Este Colab lo guía a través de los detalles de cómo cargar MoveNet y ejecutar inferencias en la imagen de entrada y el video a continuación.

Estimación de la postura humana con MoveNet

Bibliotecas de visualización e importaciones

pip install -q imageio
pip install -q opencv-python
pip install -q git+https://github.com/tensorflow/docs
import tensorflow as tf
import tensorflow_hub as hub
from tensorflow_docs.vis import embed
import numpy as np
import cv2

# Import matplotlib libraries
from matplotlib import pyplot as plt
from matplotlib.collections import LineCollection
import matplotlib.patches as patches

# Some modules to display an animation using imageio.
import imageio
from IPython.display import HTML, display
2021-07-29 12:28:23.195580: I tensorflow/stream_executor/platform/default/dso_loader.cc:53] Successfully opened dynamic library libcudart.so.11.0

Funciones de ayuda para la visualización

Modelo de carga desde el concentrador TF

model_name = "movenet_lightning"

if "tflite" in model_name:
  if "movenet_lightning_f16" in model_name:
    !wget -q -O model.tflite https://tfhub.dev/google/lite-model/movenet/singlepose/lightning/tflite/float16/4?lite-format=tflite
    input_size = 192
  elif "movenet_thunder_f16" in model_name:
    !wget -q -O model.tflite https://tfhub.dev/google/lite-model/movenet/singlepose/thunder/tflite/float16/4?lite-format=tflite
    input_size = 256
  elif "movenet_lightning_int8" in model_name:
    !wget -q -O model.tflite https://tfhub.dev/google/lite-model/movenet/singlepose/lightning/tflite/int8/4?lite-format=tflite
    input_size = 192
  elif "movenet_thunder_int8" in model_name:
    !wget -q -O model.tflite https://tfhub.dev/google/lite-model/movenet/singlepose/thunder/tflite/int8/4?lite-format=tflite
    input_size = 256
  else:
    raise ValueError("Unsupported model name: %s" % model_name)

  # Initialize the TFLite interpreter
  interpreter = tf.lite.Interpreter(model_path="model.tflite")
  interpreter.allocate_tensors()

  def movenet(input_image):
    """Runs detection on an input image.

    Args:
      input_image: A [1, height, width, 3] tensor represents the input image
        pixels. Note that the height/width should already be resized and match the
        expected input resolution of the model before passing into this function.

    Returns:
      A [1, 1, 17, 3] float numpy array representing the predicted keypoint
      coordinates and scores.
    """
    # TF Lite format expects tensor type of uint8.
    input_image = tf.cast(input_image, dtype=tf.uint8)
    input_details = interpreter.get_input_details()
    output_details = interpreter.get_output_details()
    interpreter.set_tensor(input_details[0]['index'], input_image.numpy())
    # Invoke inference.
    interpreter.invoke()
    # Get the model prediction.
    keypoints_with_scores = interpreter.get_tensor(output_details[0]['index'])
    return keypoints_with_scores

else:
  if "movenet_lightning" in model_name:
    module = hub.load("https://tfhub.dev/google/movenet/singlepose/lightning/4")
    input_size = 192
  elif "movenet_thunder" in model_name:
    module = hub.load("https://tfhub.dev/google/movenet/singlepose/thunder/4")
    input_size = 256
  else:
    raise ValueError("Unsupported model name: %s" % model_name)

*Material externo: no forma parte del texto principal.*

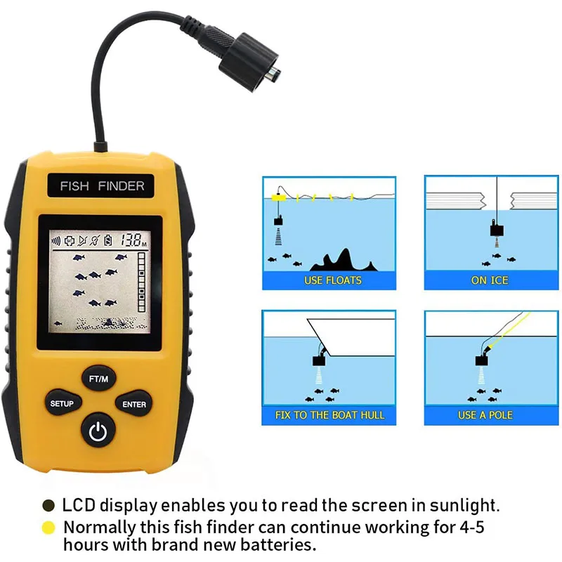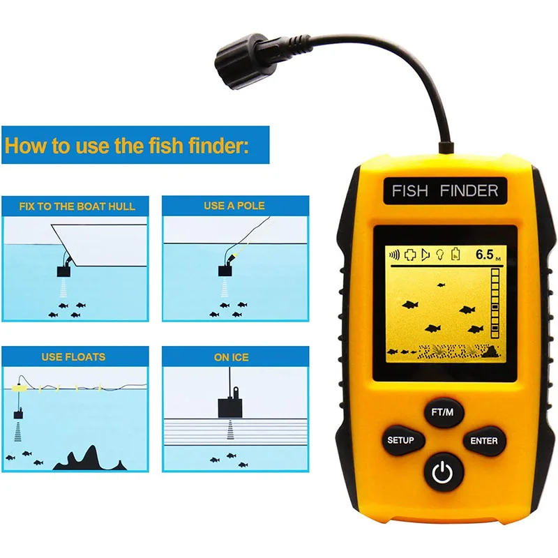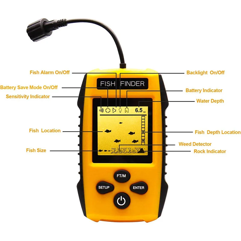 Easy to Use: Toss the transducer into water and turn on the display unit, it will show you the water depth and approximate fish depth if fish schools passing by. It has 5 user selectable sensitivity; battery save mode; backlight mode ; fish alarm; unit of measure. Setting can be saved when turned off.

  def movenet(input_image):
    """Runs detection on an input image.

    Args:
      input_image: A [1, height, width, 3] tensor represents the input image
        pixels. Note that the height/width should already be resized and match the
        expected input resolution of the model before passing into this function.

    Returns:
      A [1, 1, 17, 3] float numpy array representing the predicted keypoint
      coordinates and scores.
    """
    model = module.signatures['serving_default']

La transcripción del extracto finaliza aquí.